ナタリアはそう言って頬を赤らめた。数年先の自分の姿を彼女に重ねているのだろう。熱の篭った目で彼女はルークを見つめる。

 やはり、彼女達に連絡を入れたか。

 「これから色々業者を呼んで話を聞く予定です。ルークに一応報告しておこうと思いまして」

 ・・・・・・・・・・・・もう、・・・駄目だ。

 もうこんな時間申し訳ありません、今度は時間を作ってもっと詳しく話しますわ、と言いたい事だけ言って、ナタリアはスキップでもしそうな足取りでファブレ邸を去っていった。

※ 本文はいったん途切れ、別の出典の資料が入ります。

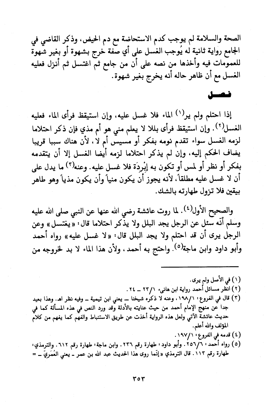 وَالصَّحِيحُ الْأَوَّلُ؛ لِمَا رَوَتْ عَائِشَةُ - رَضِيَ اللَّهُ عَنْهَا - عَنِ النَّبِيِّ - صَلَّى اللَّهُ عَلَيْهِ وَسَلَّمَ - «أَنَّهُ سُئِلَ عَنِ الرَّجُلِ يَجِدُ الْبَلَلَ وَلَا يَذْكُرُ احْتِلَامًا قَالَ: " يَغْتَسِلُ " وَعَنِ الرَّجُلِ يَرَى أَنْ قَدِ احْتَلَمَ وَلَا يَجِدُ الْبَلَلَ قَالَ: " لَا غُسْلَ عَلَيْهِ» " رَوَاهُ أَحْمَدُ وَأَبُو دَاوُدَ وَابْنُ مَاجَهْ، وَاحْتَجَّ بِهِ أَحْمَدُ؛ وَلِأَنَّ هَذَا الْمَاءَ لَا بُدَّ لِخُرُوجِهِ مِنْ

 彼女を玄関まで見送った後、ルークはその身を翻しインゴベルト国王との謁見の許可を求めにナタリアと鉢合わせしないよう別の道を使って城に向かう。幸い翌日の、しかも王女が公務で城を留守にしている時にしようとの返事を貰った。

 城から戻った後ルークは書斎に戻らず部屋に向かう。何もする気が起きず、ボーとする事数十分。

 扉をノックする音がする。許可するとメイドが「お仕事がまだ残っているとの事ですが・・・」と入ってきた。
 ああそうだった、あれを片付けないと明日悲惨な事になる。そう考え、重い腰を上げ書斎へ向かう。

 「・・・・・・・・・?」

 メイド達の様子が可笑しい。自分に向けられているその視線は冷たく、しかも棘がある。
 しかし其れが何を意味するかは分からない。とりあえずルークは目の前の仕事を片付ける事に専念する事にした。

 その理由が判明するのは夕食後。
 夕食が終わるや否や、ルークは真っ青な顔をして父公爵にある事を相談した。

 マルクトの皇帝に、ガイやジェイドにも知られず秘密裏に会談する事の許可を得たいのだと。